My new local monastery is called the Abbaye Sainte-Marie de la Pierre qui Vire. The "Pierre" in the name has nothing to do with St. Peter, it's a literal stone at the site of the monastery. It's a boulder balanced on top of another boulder in such a way that it can be turned around by hand ("pierre qui vire" means "turning stone"). That's the old story, anyway. Such instability made the first monks there so uncomfortable that the turning stone was cemented to the boulder beneath, and a statue of the Blessed Virgin Mary fixed firmly on top. They kept the name, though, even when the stone no longer turned.
There is something in common with St. Peter after all. Jesus gave him the name, which means "rock," as related in Matthew's gospel:
When Jesus went into the region of Caesarea Philippi he asked his disciples, ... “Who do people say that the Son of Man is?” They replied, “Some say John the Baptist, others Elijah, still others Jeremiah or one of the prophets.” He said to them, “But who do you say that I am?” Simon Peter said in reply, “You are the Messiah, the Son of the living God.” Jesus said to him in reply, “Blessed are you, Simon son of Jonah. For flesh and blood has not revealed this to you, but my heavenly Father. And so I say to you, you are Peter, and upon this rock I will build my church, and the gates of the netherworld shall not prevail against it. I will give you the keys to the kingdom of heaven. Whatever you bind on earth shall be bound in heaven; and whatever you loose on earth shall be loosed in heaven.” (Matt. 16:13-19)
But Peter, too, like the turning stone at my local abbey, was a really unstable rock. He was so wobbly, it only takes five verses from "you are Peter, and on this Rock I will build my Church," for him to screw up so badly that Jesus turned and told him, "Get thee behind me, Satan!" Oh, no, Peter was no solid rock.

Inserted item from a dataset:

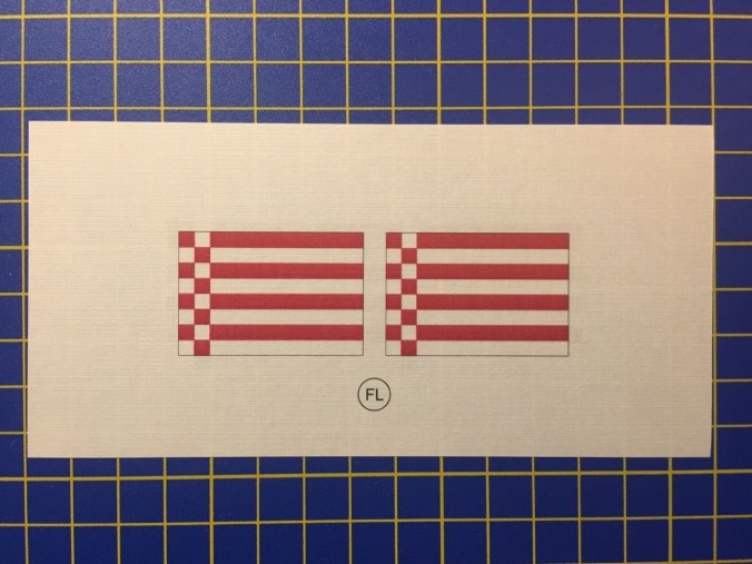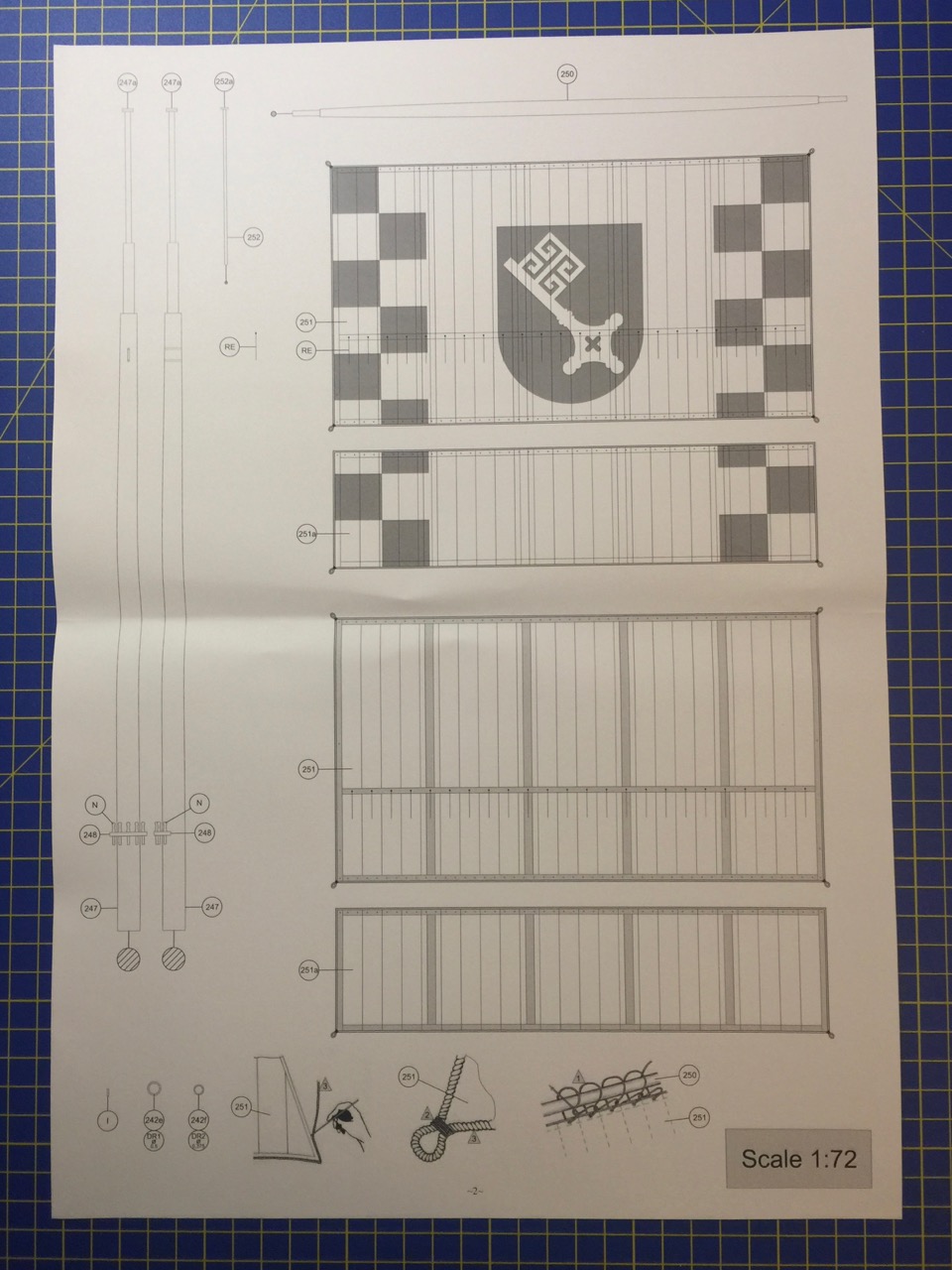 Finally, to complete the model is a pair of colorful, pre-printed flags, as well as a pre-cut, partly printed sail in two parts.

He was impulsive. He was impetuous. He was volatile. He was not sensible. He got all excited seeing Jesus walk on water, forgot he couldn't swim! jumped in with him and needed to be rescued. He constantly spoke and acted without thinking. He swore he would go to his death before denying Jesus, and a few hours later, as vehemently swore that he'd never seen the man before. He was unreliable: when Jesus kept begging him to keep vigil with him, in the garden at Gethsemane the night of his arrest, Peter fell asleep over and over. He must have drunk deeply from the ritual four cups of wine at that Last Supper! And then, he met the arresting mob by drawing a sword and flailing away with it until he sliced off the sword hand ear of the armed guard high priest's servant. And do you think the Resurrection and Ascension and Pentecost, the descent of the Holy Spirit, firmed him up? No. Paul called Peter out as a hypocrite, with some justice, for not wanting the orthodox Jewish Christians to know that when they weren't around, he'd been sharing unkosher meals with uncircumcised converts.

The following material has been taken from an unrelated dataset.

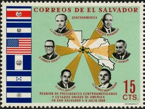 Visibility: public Image owner: none postage 1/20/1969 15c multi issue=Meeting of U.S. President Lyndon B. Johnson , with Central American Presidents, San Salvador unwmk Crops No visible images cropped from this one. Measurements Resolution is unknown. Source Source name: Colnect File URL: http://i.colnect.net/b/4110/528/Presidents-and-Flags.jpg Uploaded November 6, 2017, 8:58 pm by Stan Shebs |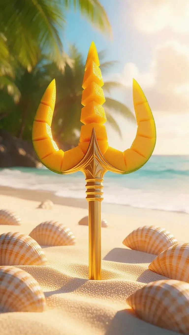A trident intricately crafted from overlapping mango slices, featuring a vibrant, orange core that crackles with zesty energy. The bold and dynamic design is set against a tropical beach background, with seashells scattered in the sand and the sun casting warm, golden light. The scene exudes liveliness and invigoration, capturing the essence of a sunny, coastal paradise.

Seriously, Saint Peter was a hot mess. As a Rock, he had all the firmness of a bog or a sand dune. What could Jesus have been thinking, to single out this overexcitable, undisciplined, imprudent creature as a Rock on which to build his church? What was it he said, in that gospel passage quoted above? "For flesh and blood has not revealed this to you, but my heavenly Father." That is the basis, that is the solid rock foundation on which to build a church. Peter has faith, faith that trumps human reason, that discerns something beyond what his "flesh and blood" senses can perceive. And he is, simply, sure of what he knows through faith.

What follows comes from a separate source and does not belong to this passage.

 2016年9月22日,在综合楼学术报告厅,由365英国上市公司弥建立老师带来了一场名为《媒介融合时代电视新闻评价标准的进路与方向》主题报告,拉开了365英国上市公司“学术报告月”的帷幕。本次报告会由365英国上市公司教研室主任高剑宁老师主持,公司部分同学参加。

And yet, the successors of St. Peter (the popes, cardinals, bishops) through the ages have preferred to do like last century's monks at La Pierre Qui Vire, and cement that turning stone down with intricately reasoned pronouncements about the "correct" version of faith, morals, and ... basically, everything. Starting by setting in stone (sometimes violently) the very precise nature of the relationship between Father, Son, and Holy Spirit.
And today, we have a Pope who is more like the real St. Peter: a strong foundation for the Church because he is not set in stone, but able to turn and rock with the movements of the Holy Spirit. Because God is not an artifact in stone, in words, in tradition. God is alive and active in our day, in our Church and outside of it.
And may the living Spirit of God visit the participants in the Synod on Synodality, meeting next month to begin the next phase of discussions on how the Church can once again turn, become free in Christ, to better meet the spiritual needs of the people of our time, who are more and more alienated from the old set-in-concrete structure.
Amen.
††††††† PEACE †††††††
" And may the living Spirit of God visit the participants in the Synod on Synodality, meeting next month to begin the next phase of discussions on how the Church can once again turn, become free in Christ, to better meet the spiritual needs of the people of our time, who are more and more alienated from the old set-in-concrete structure." One can hope. I do, however tentatively.